→ **TASK GOAL**
Transcribe the entries exactly. Start at the top, stop after the line with "Изящный набор, скрытый", and omit every picture.

(Extracted records)
BEGIN

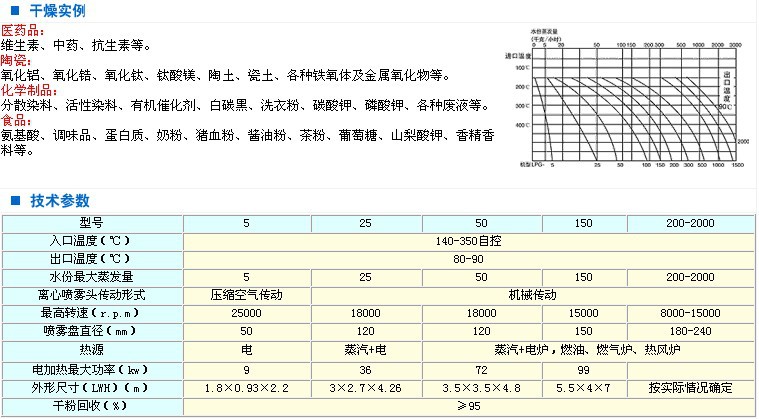 干燥速度快,料液經(jīng)霧化后表面積大大增加,在熱風氣流中,瞬間就可蒸發(fā)95%-98%的水份,完成干燥時間僅需數(shù)秒鐘,特別適用于熱敏性物料的干燥。所有產(chǎn)品具有良好的均勻度、流動性和溶解性,產(chǎn)品純度高,質量好。操作簡單穩(wěn)定,調節(jié)控制方便,容易實現(xiàn)自動化作業(yè)。生產(chǎn)過程簡化,適宜連續(xù)控制生產(chǎn)含濕量40%-90%的液體,一次干燥成粉,減少粉碎篩選等工序,操作環(huán)境衛(wèi)生條件優(yōu)越,能避免干燥過程中的粉塵飛揚。干燥回收率大于95%。
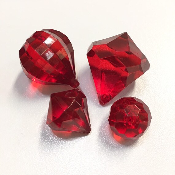 Chandelier Red Faux Crystal Prisms Beads Acrylic Plastic Lamp Part Pieces Ornaments Ruby Diamond Jewel Shaped Hot Air Balloon Christmas Gems
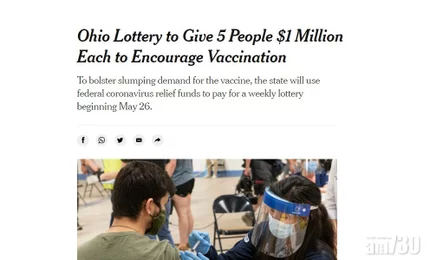 新冠疫苗|俄亥俄州推百萬美元大抽獎鼓勵接種
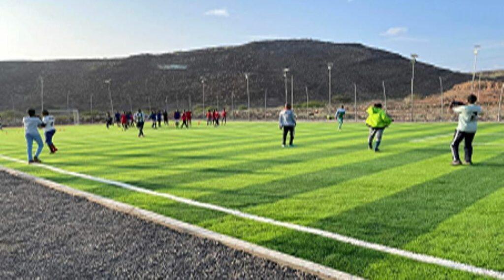 Africa-Press – Djibouti. Ce samedi 28 octobre 2023, un souffle nouveau de passion pour le football embrase la ville de Dikhil avec l’inauguration du tout premier terrain synthétique de foot. Cette installation, dotée d’une pelouse synthétique de qualité supérieure et entourée d’un grillage impressionnant, jalonné de poteaux solaires scintillants, incarne le rêve de la jeunesse dikhiloise devenu réalité.
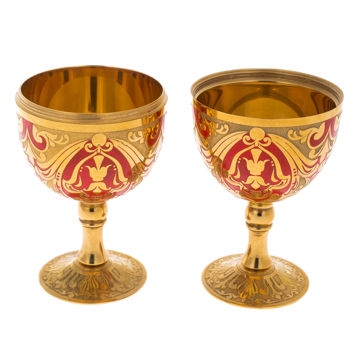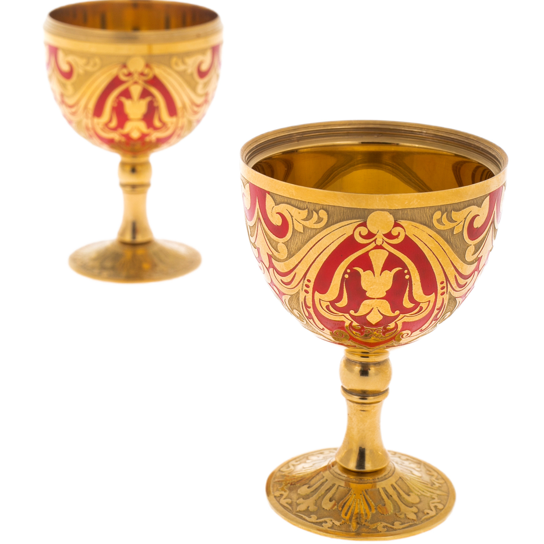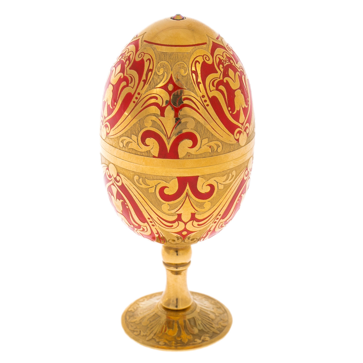 Изящный набор, скрытый в форме пасхального яйца, словно артефакт из времен золотого века русского императорского двора, воплощает идею интимного торжества вдвоём. Поднимая верхнюю часть, владелец раскрывает две миниатюрные рюмки на ножке, искусно вписанные в изначальный силуэт яйца. Каждая рюмка, будучи логическим продолжением композиции, демонстрирует полное совпадение орнамента с внешним оформлением футляра, создавая ощущение тайны и художественного единства. Плавная линия стебля и округлая чаша, покрытая теплым сиянием золота, подчеркивают камерный, но торжественный характер застолья, где всё начинается с жеста и завершается чувством.
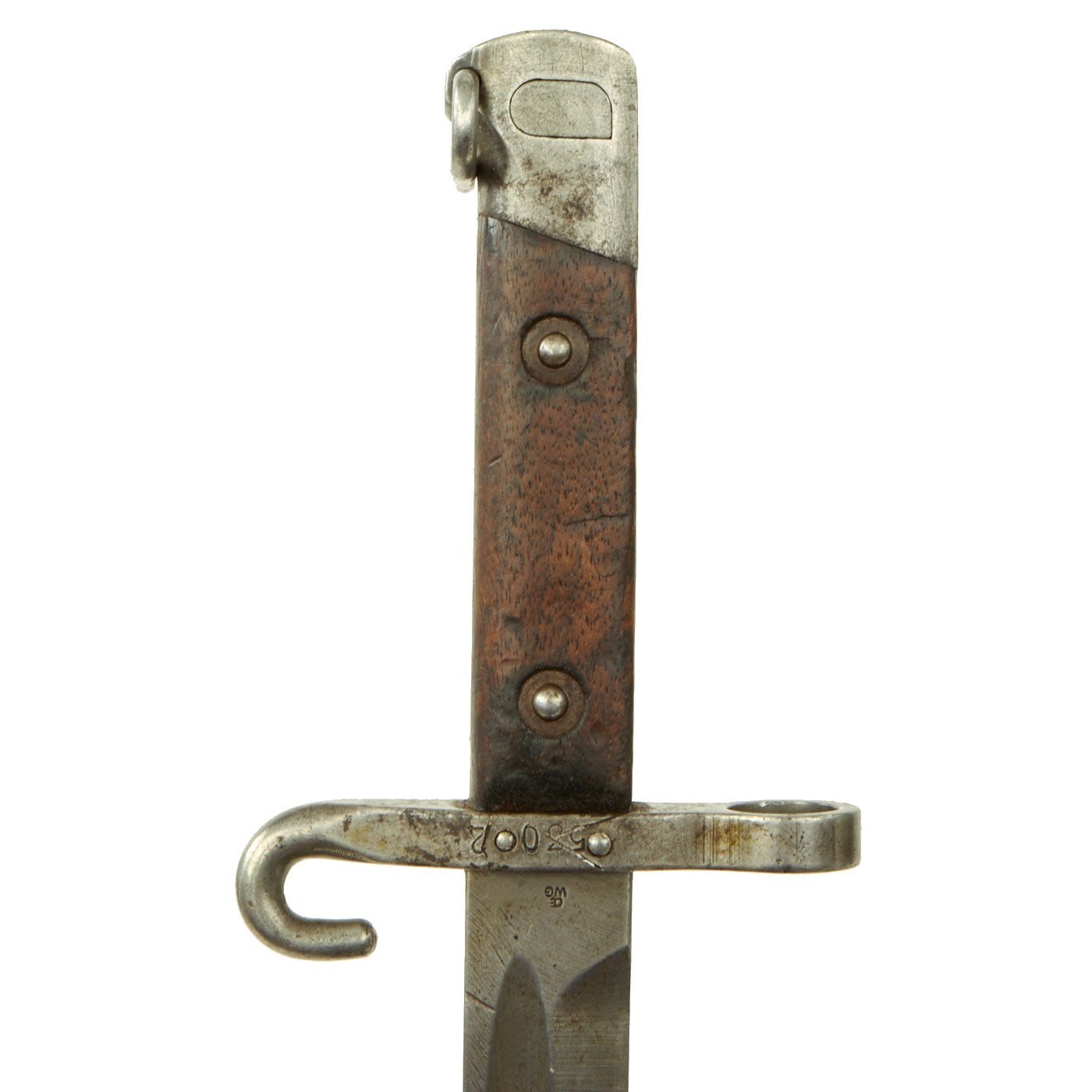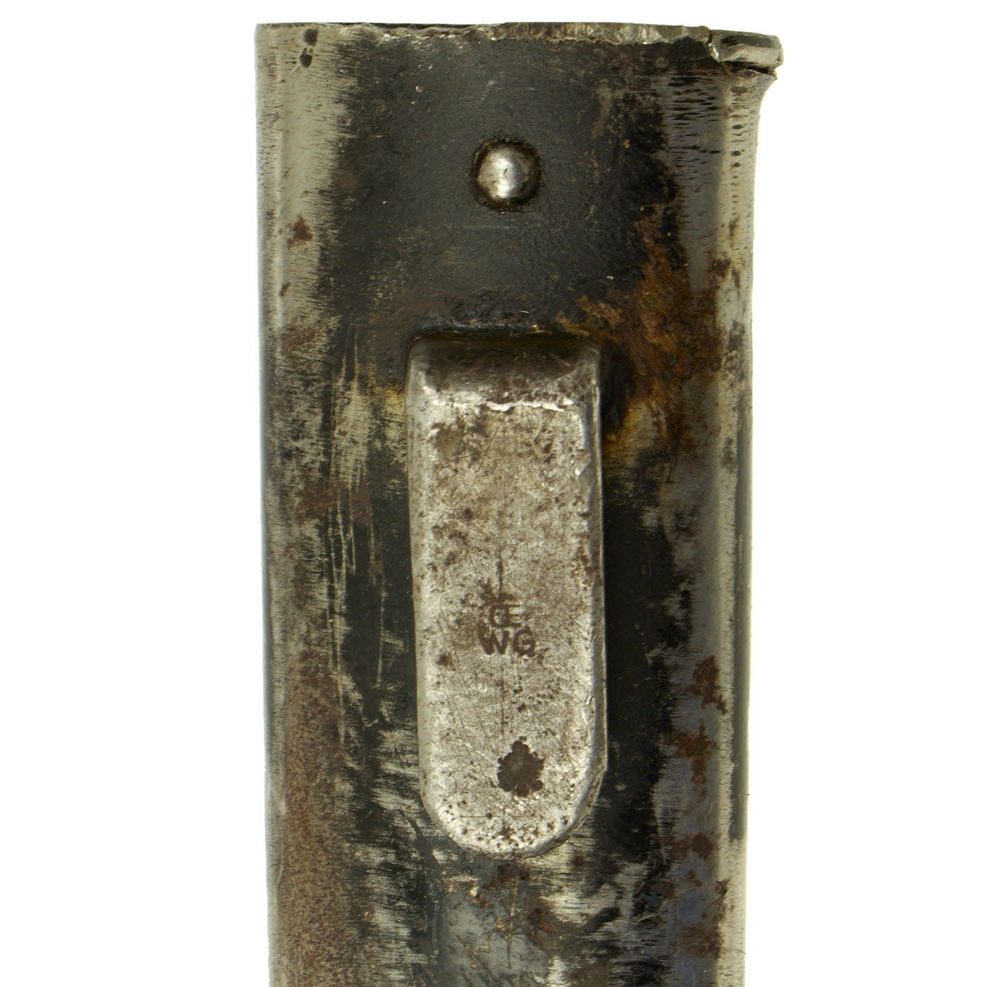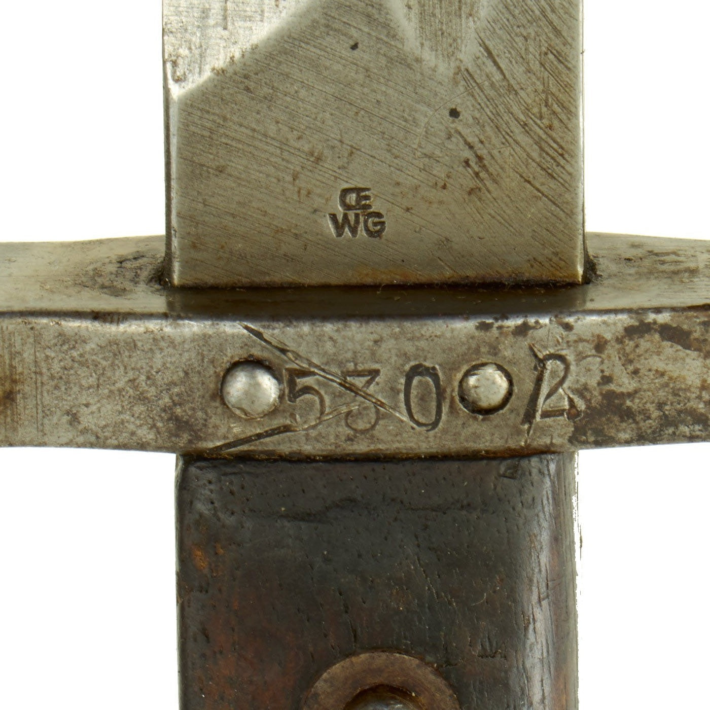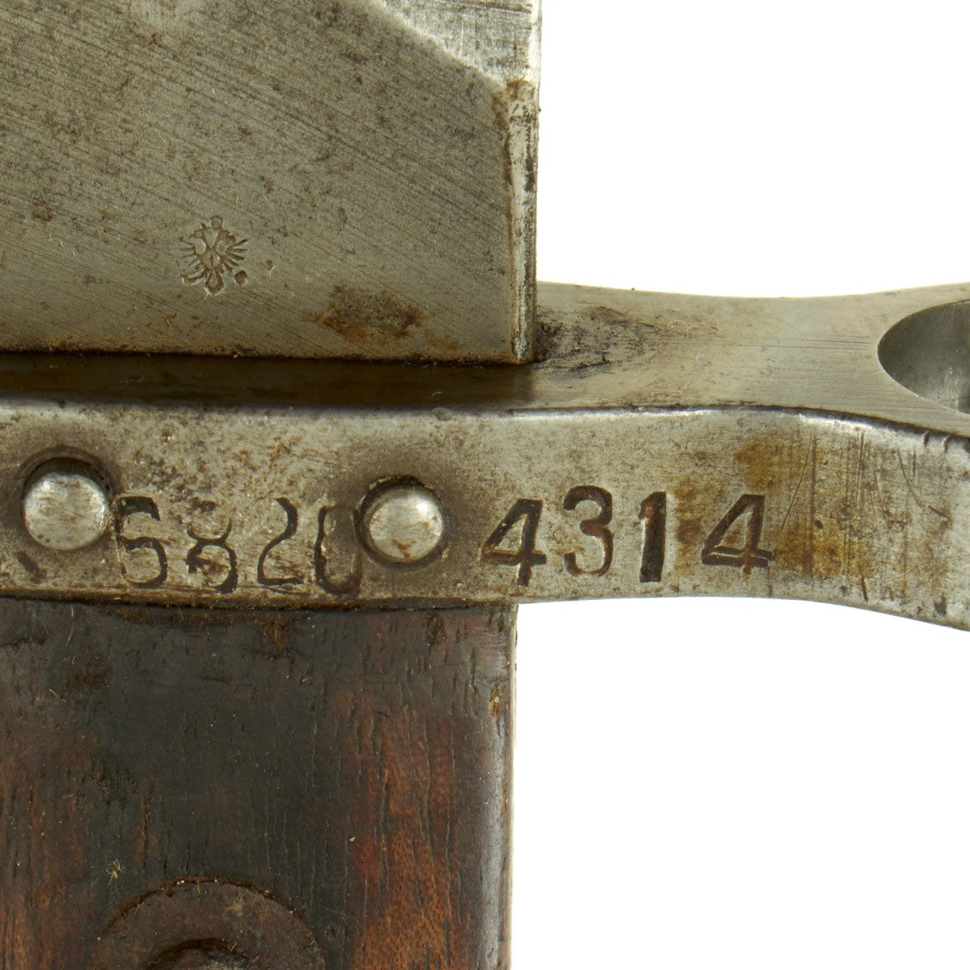 The bayonet and scabbard are both stamped with Œ over WG, the marking for Österreichische Waffenfabriksgesellschaft (Austrian Arms-Manufacturing Company), abbreviated as ŒWG. Steyr Mannlicher firearm production was a part of this company. The reverse ricasso of the bayonet has the Austrian Eagle proof mark.

END

→ **EXERCISE OUTPUT**
 干燥速度快,料液經(jīng)霧化后表面積大大增加,在熱風氣流中,瞬間就可蒸發(fā)95%-98%的水份,完成干燥時間僅需數(shù)秒鐘,特別適用于熱敏性物料的干燥。所有產(chǎn)品具有良好的均勻度、流動性和溶解性,產(chǎn)品純度高,質量好。操作簡單穩(wěn)定,調節(jié)控制方便,容易實現(xiàn)自動化作業(yè)。生產(chǎn)過程簡化,適宜連續(xù)控制生產(chǎn)含濕量40%-90%的液體,一次干燥成粉,減少粉碎篩選等工序,操作環(huán)境衛(wèi)生條件優(yōu)越,能避免干燥過程中的粉塵飛揚。干燥回收率大于95%。
 Chandelier Red Faux Crystal Prisms Beads Acrylic Plastic Lamp Part Pieces Ornaments Ruby Diamond Jewel Shaped Hot Air Balloon Christmas Gems
 新冠疫苗|俄亥俄州推百萬美元大抽獎鼓勵接種
 Africa-Press – Djibouti. Ce samedi 28 octobre 2023, un souffle nouveau de passion pour le football embrase la ville de Dikhil avec l’inauguration du tout premier terrain synthétique de foot. Cette installation, dotée d’une pelouse synthétique de qualité supérieure et entourée d’un grillage impressionnant, jalonné de poteaux solaires scintillants, incarne le rêve de la jeunesse dikhiloise devenu réalité.
 Изящный набор, скрытый в форме пасхального яйца, словно артефакт из времен золотого века русского императорского двора, воплощает идею интимного торжества вдвоём. Поднимая верхнюю часть, владелец раскрывает две миниатюрные рюмки на ножке, искусно вписанные в изначальный силуэт яйца. Каждая рюмка, будучи логическим продолжением композиции, демонстрирует полное совпадение орнамента с внешним оформлением футляра, создавая ощущение тайны и художественного единства. Плавная линия стебля и округлая чаша, покрытая теплым сиянием золота, подчеркивают камерный, но торжественный характер застолья, где всё начинается с жеста и завершается чувством.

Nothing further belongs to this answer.